Closed XJay18 closed 1 year ago

XJay18 commented 1 year ago

Hi, thanks for the great project!

Recently, I used your implemented TetrahedraTracer to do some experiments. When I tested TetrahedraTracer.find_visited_cells function, I obtained some unexpected results for the output barycentric_coordinates.

To be specific, here is the testing code:

import torch
from tetranerf.utils.extension import TetrahedraTracer, interpolate_values

device = torch.device("cuda:0")

cuda_vertices = torch.tensor([
    [0.,0.,0.], [1.,0.,0.], [0.,1.,0.], [0.,0.,1.],
    [1.,1.,0.], [0.,2.,0.], [0.,1.,1.],
    [-1.,0.,0.], [-1.,1.,0.], [-1.,0.,1.],
], device=device)

cuda_cells = torch.tensor([
    [0,1,2,3],
    [2,4,5,6],
    [7,0,8,9]
], dtype=torch.int32, device=device)

ray_origins = torch.tensor([[0.2,-4.,0.2]], device=device)
ray_directions = torch.tensor([[0.,1.,0.]], device=device)

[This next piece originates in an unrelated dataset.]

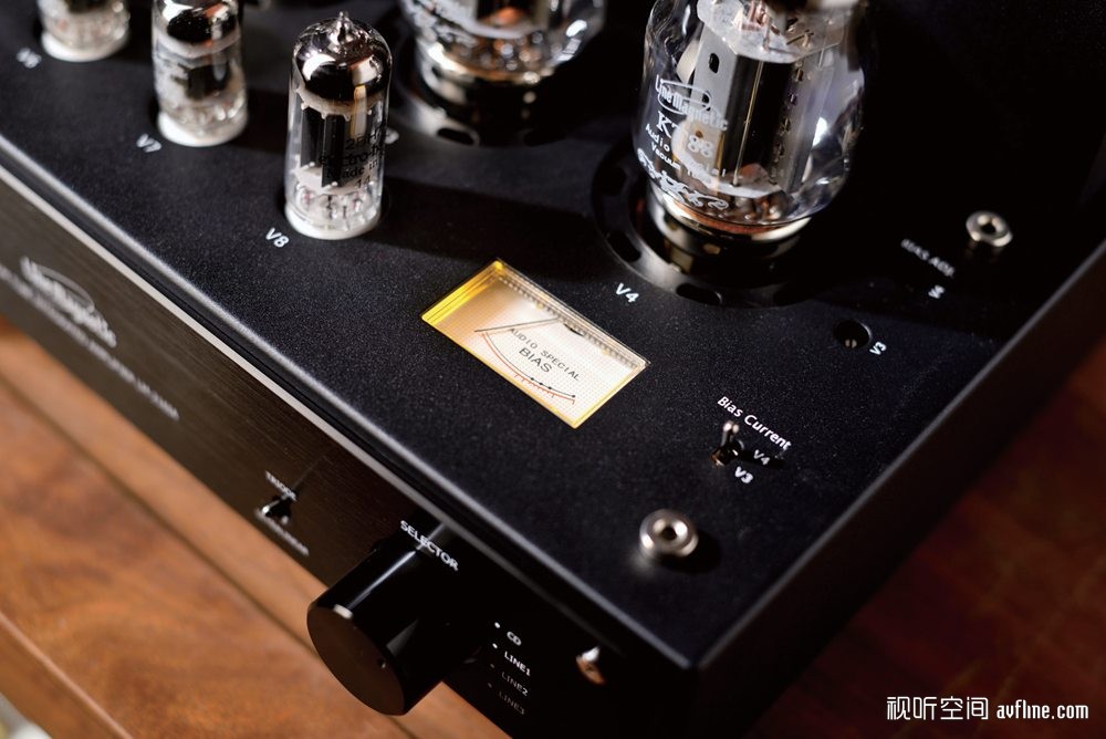 LM-216IA 面板上设有两种工作模式的切换开关,可以选择“TRIODE”三极和“ULTRALINEAR”超线性工作模式,在顶部面板还有外设功率管偏流调整钮和电流显示表头,为了保护电子管不受意外损坏,特设方便安装的拔插式真空管防护罩。另外本机还配备红外线遥控器,当然胆机普遍采用的开机静音延时功能也不会少。本刊的这台LM-216IA,KT88和12AX7胆管均打上丽磁的logo,显然是定制品,而12BH7却是俄罗斯的制品。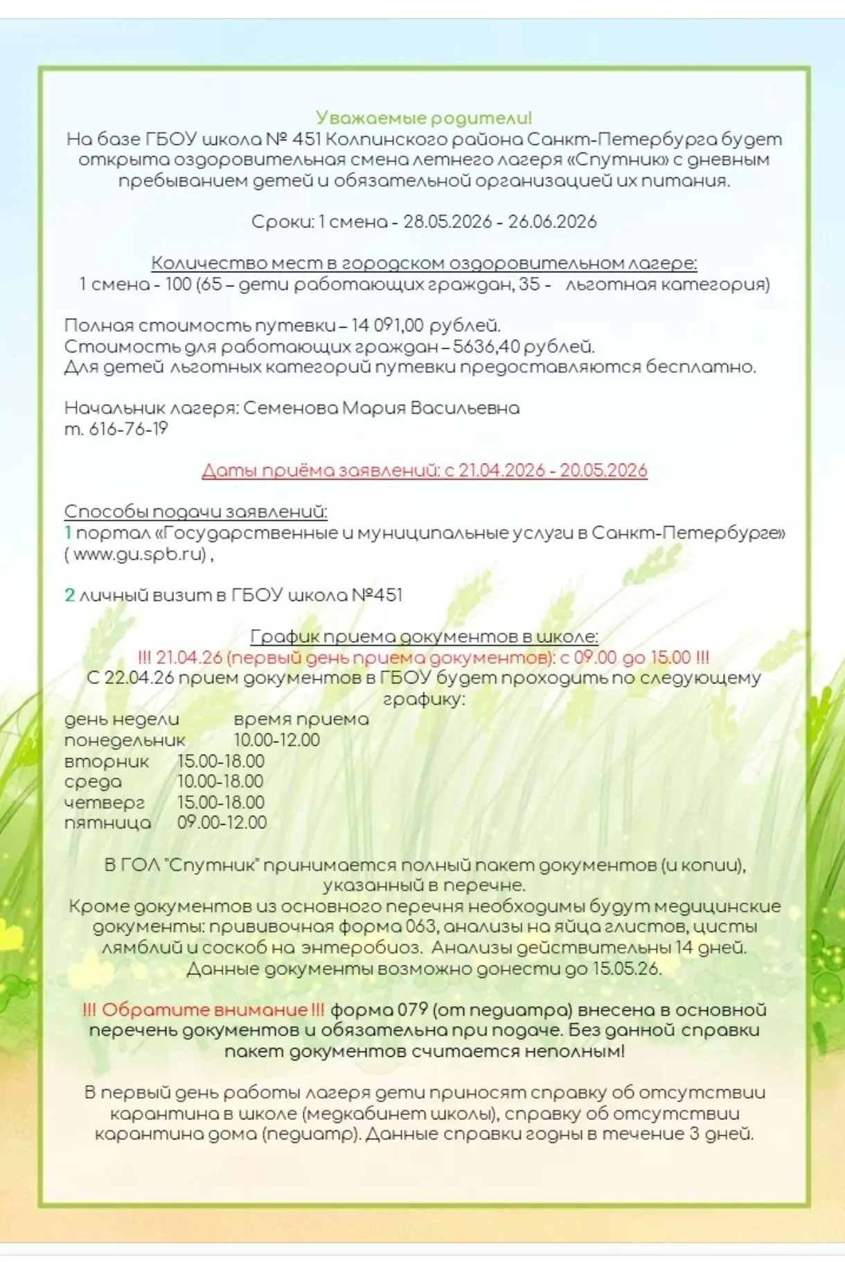 Уважаемые родители (законные представители)!

tetrahedra_field = torch.tensor([
    [0., 1., 2., 3., 4., 5., 6., 7., 8., 9.],
    [-9.,-8.,-7.,-6.,-5.,-4.,-3.,-2.,-1., 0]
], device=device)

tracer = TetrahedraTracer(device)
tracer.load_tetrahedra(cuda_vertices, cuda_cells)

out = tracer.trace_rays(ray_origins, ray_directions, 10)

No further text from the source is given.